# ******* Style Coyote Caller



## Last Man Standing (Dec 7, 2011)

About a year ago, I decided that I needed an electronic predator caller. Being a college student, I don't have money to drop on a brand new foxpro, especially since some of em can run upwards of 400 dollars. I decided that if I got one it was going to have to be homemade. So this little beauty is my yote slaying creation...
[attachment=1:2aoa4z2b]Photo1 (7).jpg[/attachment:2aoa4z2b]
I browsed the internet, took a few ideas from here and there; my design is based on one called El Cheapo, from the very helpful website varmintal.com. But The box setup is the product of my own ingenuity  Any and all parts are available from Radioshack, and the only required tool is a soldering iron. The box is optional, I made it to protect the caller from weather and to help disguise it. I was considering adding a carry handle for convenience but never got around to it. Basically all you have to do is solder an aux jack onto the end of the PA's cables (they come bare), plug it into the out jack on the amp (which runs on 9 volt batteries, which last ridiculously long in this thing), plug the aux cable into the in jack on the amp, and then hook it up to a ipod, cellphone, or anything with a jack and MP3 capabilities. Varmint Al's site has tons of free calls in MP3 form, you could always start there. My box is just 5 pieces of plywood screwed together and wrapped in allen's duct tape to improve looks. I threw the deck of cards in for size comparison. It weighs 5 pounds minus the MP3 device and is 7" x 7" x 9 1/2" and is LOUD. It works great, and heres the best part: total cost for parts was under 40 dollars. You can't beat it's performance with any product of the same price from a sporting goods store. Heres a better breakdown of it...
[attachment=0:2aoa4z2b]yotecall1.jpg[/attachment:2aoa4z2b]
I'm happy to answer any questions about the build.


----------



## Bscuderi (Jan 2, 2012)

Great idea! You'll have to post a pic of the first yote slayed!


----------



## Huge29 (Sep 17, 2007)

Nice work! I saw one made out of a gas station refillable cup once too, similar idea.


----------



## drsx (Sep 8, 2010)

Awesome!


----------



## polarbear (Aug 1, 2011)

Awesome! You're a genius. What are the specs on the power horn and amplifier? Model? Watts? etc? Thanks.


----------



## stimmie78 (Dec 8, 2007)

I have the same parts... minus the box.. But I have a spool of 100ft of wire so I can put the speaker under a bush far from me and run the mp3 player. I've had them howling back at me once a few years ago... but nothing has come in to see me.. I use the sounds on varmintals all the time trying though..


----------



## Last Man Standing (Dec 7, 2011)

stimmie78 said:


> I have the same parts... minus the box.. But I have a spool of 100ft of wire so I can put the speaker under a bush far from me and run the mp3 player. I've had them howling back at me once a few years ago... but nothing has come in to see me.. I use the sounds on varmintals all the time trying though..

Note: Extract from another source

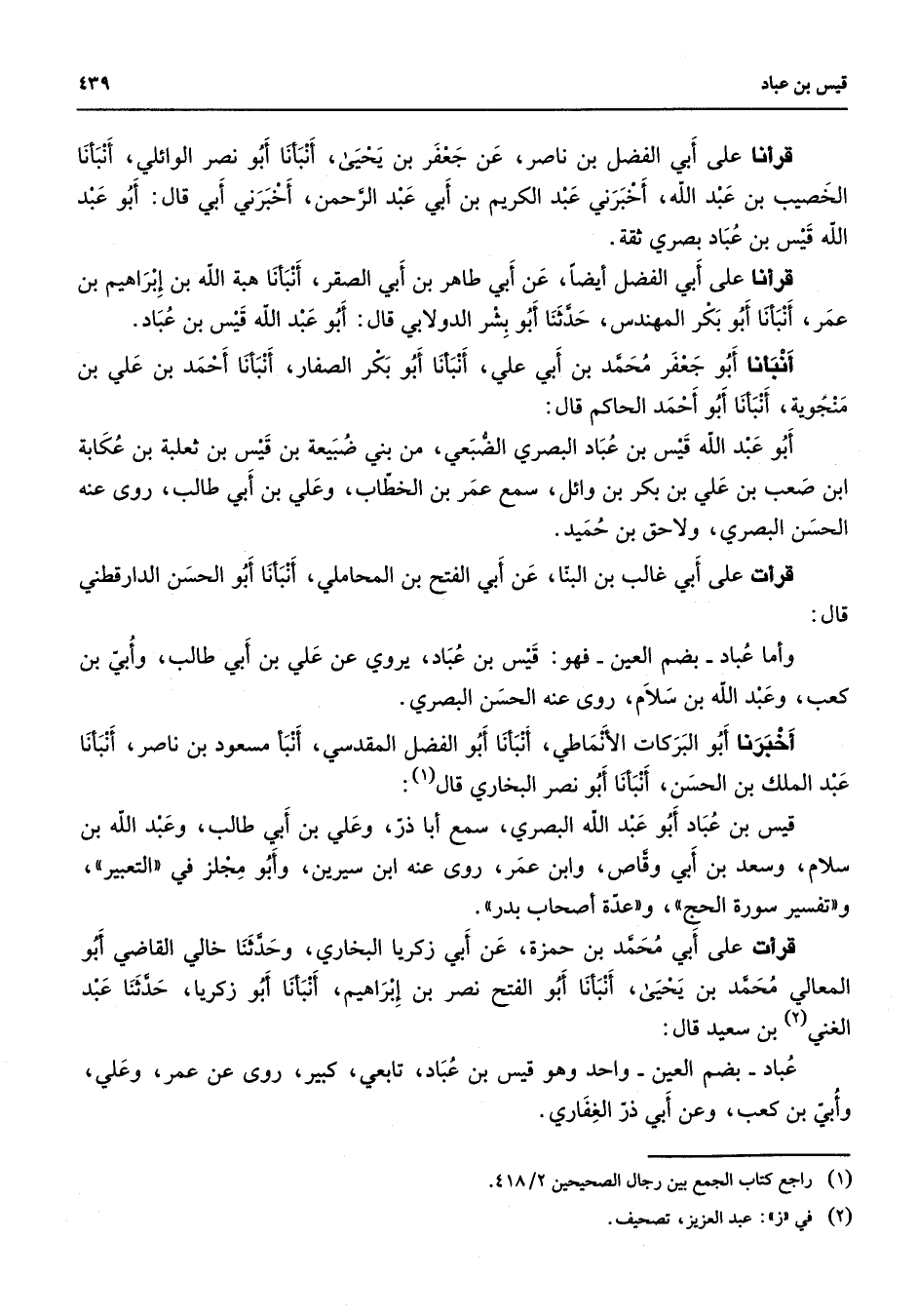 قرأنا على أبي الفضل بن ناصر عن جعفر بن يحيى أنبأنا أبو نصر الوائلي أنبأنا الخصيب بن عبد الله أخبرني عبد الكريم بن أبي عبد الرحمن أخبرني أبي قال أبو عبد الله قيس بن عباد بصري ثقة قرأنا على أبي الفضل أيضا عن أبي طاهر بن أبي الصقر أنبأنا هبة الله بن إبراهيم بن عمر أنبأنا أبو بكر المهندس حدثنا أبو بشر الدولابي قال أبو عبد الله قيس بن عباد أنبأنا أبو جعفر محمد بن أبي علي أنبأنا أبو بكر الصفار أنبأنا أحمد بن علي بن منجوية أنبأنا أبو أحمد الحاكم قال أبو عبد الله قيس بن عباد البصري الضبعي من بني ضبيعة بن قيس بن ثعلبة بن عكابة ابن صعب بن علي بن بكر بن وائل سمع عمر بن الخطاب وعلي بن أبي طالب روى عنه الحسن البصري ولاحق بن حميد قرأت على أبي غالب بن البنا عن أبي الفتح بن المحاملي أنبانا أبو الحسن الدارقطني قال وأما عباد بضم العين فهو قيس بن عباد يروي عن علي بن أبي طالب وأبي بن كعب وعبد الله بن سلام روى عنه الحسن البصري أخبرنا أبو البركات الأنماطي أنبأنا أبو الفضل المقدسي أنبأ مسعود بن ناصر أنبأنا عبد الملك بن الحسن أنبأنا أبو نصر البخاري قال (1) قيس بن عباد أبو عبد الله البصري سمع أبا ذر وعلي بن أبي طالب وعبد الله بن سلام وسعد بن أبي وقاص وابن عمر روى عنه ابن سيرين وأبو مجلز في التعبير وتفسير سورة الحج وعدة أصحاب بدر قرأت على أبي محمد بن حمزة عن أبي زكريا البخاري وحدثنا خالي القاضي أبو المعالي محمد بن يحيى أنبأنا أبو الفتح نصر بن إبراهيم أنبأنا أبو زكريا حدثنا عبد الغني (2) بن سعيد قال عباد بضم العين واحد وهو قيس بن عباد تابعي كبير روى عن عمر وعلي وأبي بن كعب وعن أبي ذر الغفاري

The spool of extra cable is a good Idea. What I do is make a 10 minute gap of silence at the beginning of my calls to give me time to get into position. Then I run a sequence I made up of Varmint Al's stuff, with intermittent 2-5 minute periods of silence. It's around 20 minutes long. I figure that if nothing comes during that, It's time to move on to a new spot.


polarbear said:


> Awesome! You're a genius. What are the specs on the power horn and amplifier? Model? Watts? etc? Thanks.


Thank you sir haha I don't know all the info of the top of my head, but when I get home from class I can tell ya for sure.


----------



## stimmie78 (Dec 8, 2007)

I got my info years ago here:

http://www.nodakoutdoors.com/forums/vie ... 11&t=20626

There are all kinds of mods and differences ppl have done. Some are creating wireless stuff too so they don't have to run the spool of wire.. Specs and part numbers are on that link too.


----------



## polarbear (Aug 1, 2011)

I've always used mouth calls, mostly because I couldn't afford an electronic call. After reading this thread I made one. I got some calls from Varmint Al and ended up calling in a big yote on my 4th set using a mouse distress sequence. Thanks to Last Man Standing and Stimmie for the info.


----------



## Last Man Standing (Dec 7, 2011)

Way go polarbear! I'm happy to hear that the setup works for you. Keep on slayin them yotes!


----------